• **ABOUT THIS EXERCISE**: Begin the copy at the line that contains "как выглядит 14K", end it at the last line of the entries below, keep every word exact, and include no pictures.

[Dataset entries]
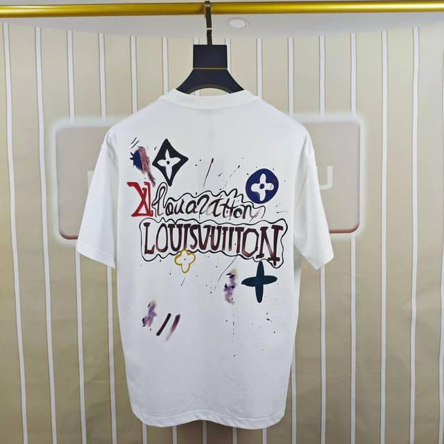 Louis Vuitton 2025 Spring/Summer New Arrival Original Men's Crew Neck Short Sleeve Quick-Drying T-Shirt, Sold in Department Stores, High-End Quality, High-Version Os Fit, Wide Fit, Popular Style, Logo Print on Chest, Front and Back, Custom Design, Imported Double-Strand 100% Pure Cotton Fabric, Soft and Delicate to the Touch, Skin-Friendly and Comfortable to Wear, Factory Direct, Exquisite Workmanship, Very Handsome and Stylish, Essential Item for Men, All Tags Complete, Sizes: S-3XL (Runs Large, Largest Size Suitable for Approximately 220 lbs), Please Provide Height and Weight When Ordering, Black, White,
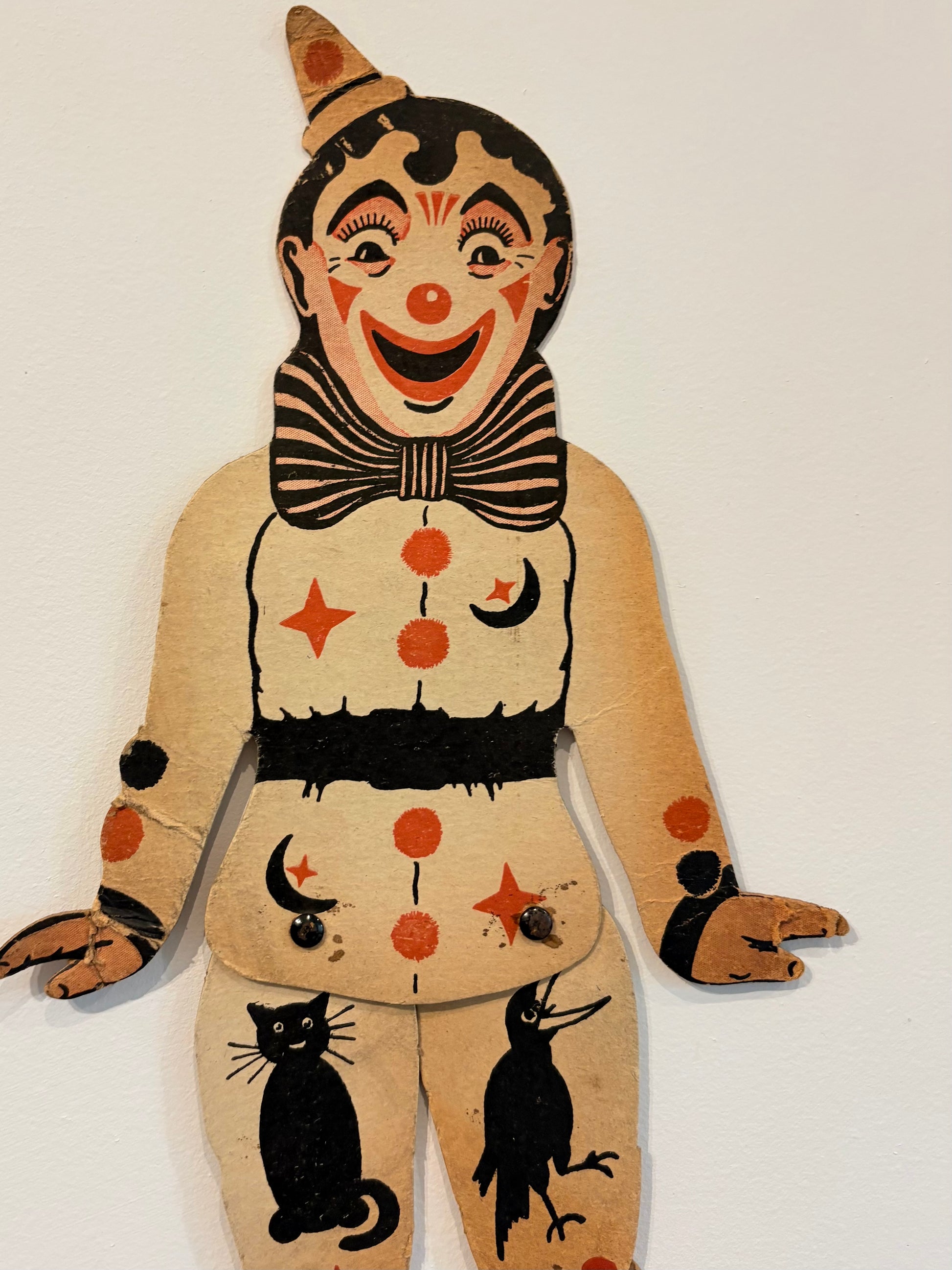 THE coolest 1920s (est) vintage Pierrot clown cardboard doll with pinned and fully moveable legs. Super unique piece of circus history here. Perfect for collectors of all things clown, retro interior, dolls and gothic oddities.
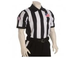 Want a crisper, more professional look on the field this season? These high performance 2 1/4″ stripe football referee shirts are dyed in a unique way to provide a vibrancy and durability that is unparalleled! Smitty’s dye sublimation process prints logos and flags directly onto the fabric ensuring this shirt can be worn and laundered time and time again without fading or peeling.
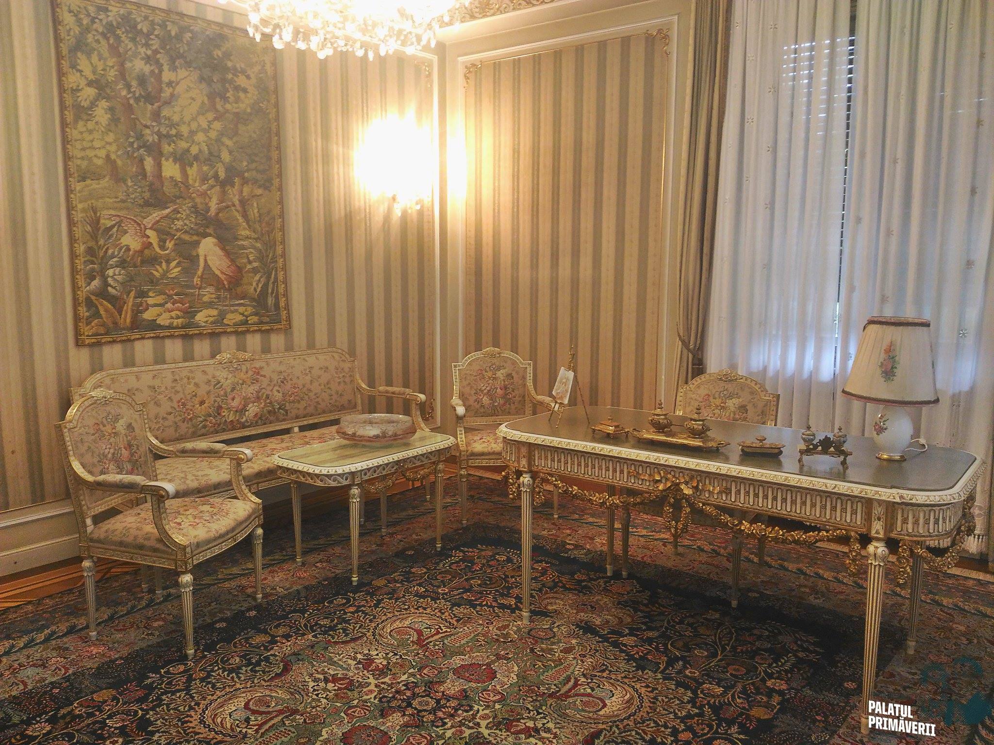 „Apartamentul este compus din salon, cameră de lucru, dormitor și baie. Este o replică a apartamentelor Mariei Antoaneta de la Palatul Versailles din Franța. Tot mobilierul este realizat la Heliade București, decorat în stil Ludovic XVI. În salon remarcăm o tapiserie originală, manufactură franceză, de secolul XIX, alături de 2 vase orientale decorate cu scene de la curtea imperială din Japonia”, se arată pe pagina de facebook a Palatului Primăverii.
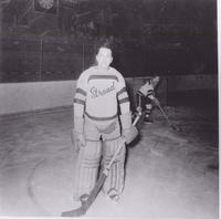 Photo of John "Johnny" Snache on the ice and in full gear wearing a Stroud jersey. Johnny was the goalie for the Stroud, IHS3382-86E
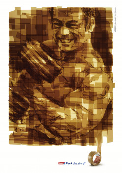 Beim Internationalen Werbefestival in Cannes wurden in diesem Jahr erstmals herausragende Gestaltunsgsideen mit dem "Design Lion" ausgezeichnet. Unter den Gewinnern ist auch Tesa: Drei neue Motive für das Verpackungsband Tesapack erhielten den Silbernen Löwen. Die Kampagne verdeutlicht die besondere Stärke des Produktes mit Motiven, die für Kraft stehen: ein Boxer, ein Sumo-Ringer und ein Bodybuilder. Aber nicht nur die bildliche Darstellung, sondern vor allem die Herstellungsweise aus Klebebändern, befand die Jury, sorgen für die besondere Wirkung der Anzeigenmotive. Entstanden sind sie in einer Kooperation zwischen Tesa, der Werbeagentur Jung von Matt und dem amerikanischen Künstler Mark Khaisman, der in seinen Arbeiten häufig Klebebänder verwendet.
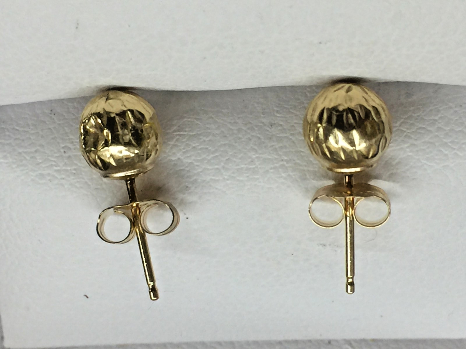 как выглядит 14K Yellow Gold 4mm Diamond Cut Round Bead Ball Stud Earrings фото
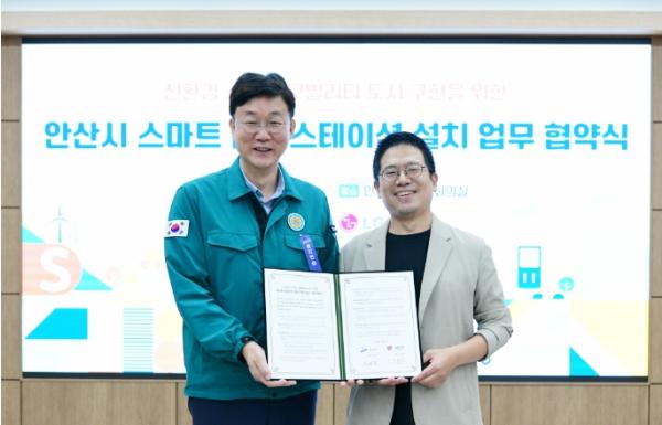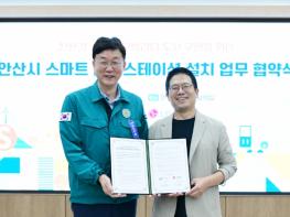 이날 안산시청 제1회의실에 열린 협약식에는 이민근 안산시장과 도원동 ㈜LG전자 커런트닷컴퍼니 대표 등이 참석했다. 협약에 따라 LG전자는 PM 스테이션 도입에 필요한 시스템을 구축하고 지역상권 활성화를 위한 제휴 등의 사무를 담당한다.
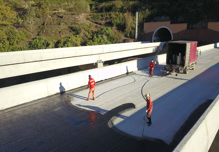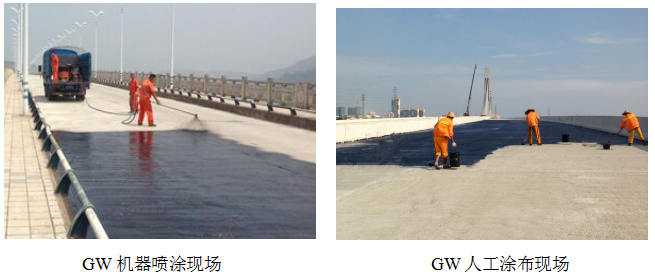②机器喷涂:由操作人员手持喷枪,将喷枪后部的弯管直接从原料桶中吸取GW防水涂料,喷枪口喷出雾 状的GW,均匀覆盖在桥面。在第一遍喷涂干燥后进行第二遍喷涂。待GW涂膜完全干燥后,即可进行沥青混合料的摊铺。
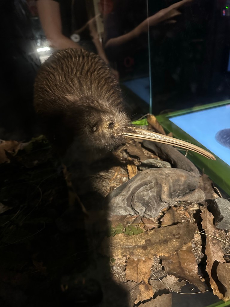 Our next stop was a Kiwi bird hatchery where we got to see a day old Kiwi bird and an older bird getting its daily weight check. No photos of the real birds were allowed unfortunately but here’s a picture of one they had on display.
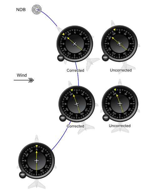 Direct tracking to an NDB (along a direct path in crosswind conditions) can be achieved by adjusting the aircraft heading for the correct wind correction angle.

• **YOUR RESPONSE**:
 как выглядит 14K Yellow Gold 4mm Diamond Cut Round Bead Ball Stud Earrings фото
 이날 안산시청 제1회의실에 열린 협약식에는 이민근 안산시장과 도원동 ㈜LG전자 커런트닷컴퍼니 대표 등이 참석했다. 협약에 따라 LG전자는 PM 스테이션 도입에 필요한 시스템을 구축하고 지역상권 활성화를 위한 제휴 등의 사무를 담당한다.
②机器喷涂:由操作人员手持喷枪,将喷枪后部的弯管直接从原料桶中吸取GW防水涂料,喷枪口喷出雾 状的GW,均匀覆盖在桥面。在第一遍喷涂干燥后进行第二遍喷涂。待GW涂膜完全干燥后,即可进行沥青混合料的摊铺。
 Our next stop was a Kiwi bird hatchery where we got to see a day old Kiwi bird and an older bird getting its daily weight check. No photos of the real birds were allowed unfortunately but here’s a picture of one they had on display.
 Direct tracking to an NDB (along a direct path in crosswind conditions) can be achieved by adjusting the aircraft heading for the correct wind correction angle.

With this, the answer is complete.